## WHAT TO DO
In the data below, find the line with "6. கீழ்க்காணும் அமைப்பில்" and the line with "È difficile distinguere", then restate both and every line between them exactly, minus the pictures.

**** RAW DATA ****

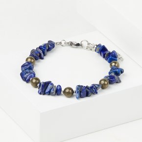 Браслет микс лазурит, пирит (сталь хир.) 6 мм
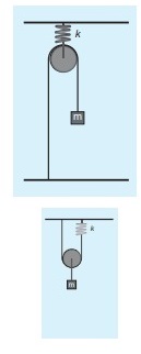 6. கீழ்க்காணும் அமைப்பில் நிறை M ஆனது சமநிலைப்புள்ளியிலிருந்து செங்குத்தாக கீழ்நோக்கி சிறிது இடம் பெயர்ச்சி செய்து பின் விடப்பட்டால் அலைவு நேரத்திற்கான சமன்பாட்டை கணக்கிடுக. (கப்பி மெல்லியது மற்றும் உராய்வற்றது மேலும் கம்பியும் சுருள்வில்லும் லேசானது)
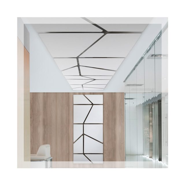 È difficile distinguere l’aspetto estetico da quello tecnico, perché entrambi convivono in perfetta armonia: superfici leggere, geometricamente irregolari e orientabili che modellano lo spazio con eleganza, offrendo al tempo stesso un’eccellente performance acustica.
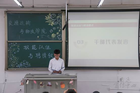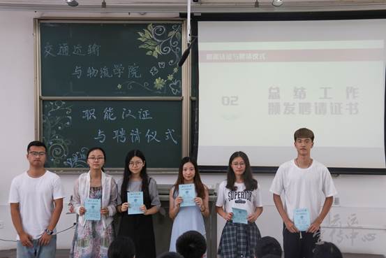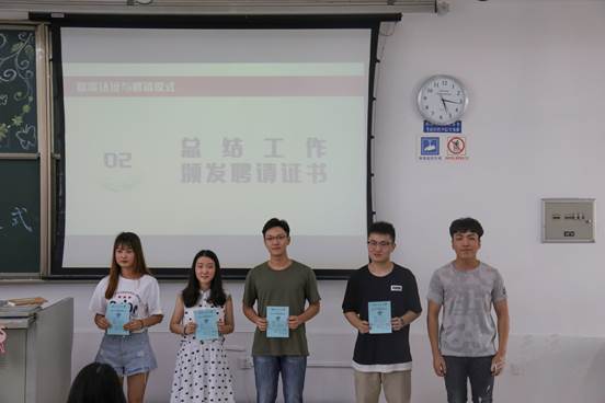 紧接着,由各组织代表上台发言总结,并为组织员工干部颁发聘请证书和合影留恋。员工会主席周益表示他们将继续以务实、团结和高效作为管理理念,积极开创团建活动,以增强同学综合素质为目标继续前行。青协会长李玥玲展望未来他们要为打响交运青协品牌而不断努力、不断创新,传承和践行“但行好事,莫问前程”的精神。事务中心理事长黄哲提出今后他们将以更专业、高效的办事理念服务老师和同学,拓宽服务范围。团委副书记李雨璇分析指出团委将以团建青年、能力青年和服务青年为宗旨,加强团建工作,使公司发光发热。园区主席李冠辉感恩老师的帮助,感谢员工干部的努力,希望公司各大组织同舟共济,携手共建公司。云运理事长张雅睿满怀信心地肯定道,云运将继续增强对院内活动的参与度,扩大在公司内的影响力。班团联合会会长王翰桢分析得出,他们将通过改善部门构建、成员组成和社团活动,为公司进一步提高班风学风建设不懈努力。

****

## ANSWER FOR THIS EXERCISE
 6. கீழ்க்காணும் அமைப்பில் நிறை M ஆனது சமநிலைப்புள்ளியிலிருந்து செங்குத்தாக கீழ்நோக்கி சிறிது இடம் பெயர்ச்சி செய்து பின் விடப்பட்டால் அலைவு நேரத்திற்கான சமன்பாட்டை கணக்கிடுக. (கப்பி மெல்லியது மற்றும் உராய்வற்றது மேலும் கம்பியும் சுருள்வில்லும் லேசானது)
 È difficile distinguere l’aspetto estetico da quello tecnico, perché entrambi convivono in perfetta armonia: superfici leggere, geometricamente irregolari e orientabili che modellano lo spazio con eleganza, offrendo al tempo stesso un’eccellente performance acustica.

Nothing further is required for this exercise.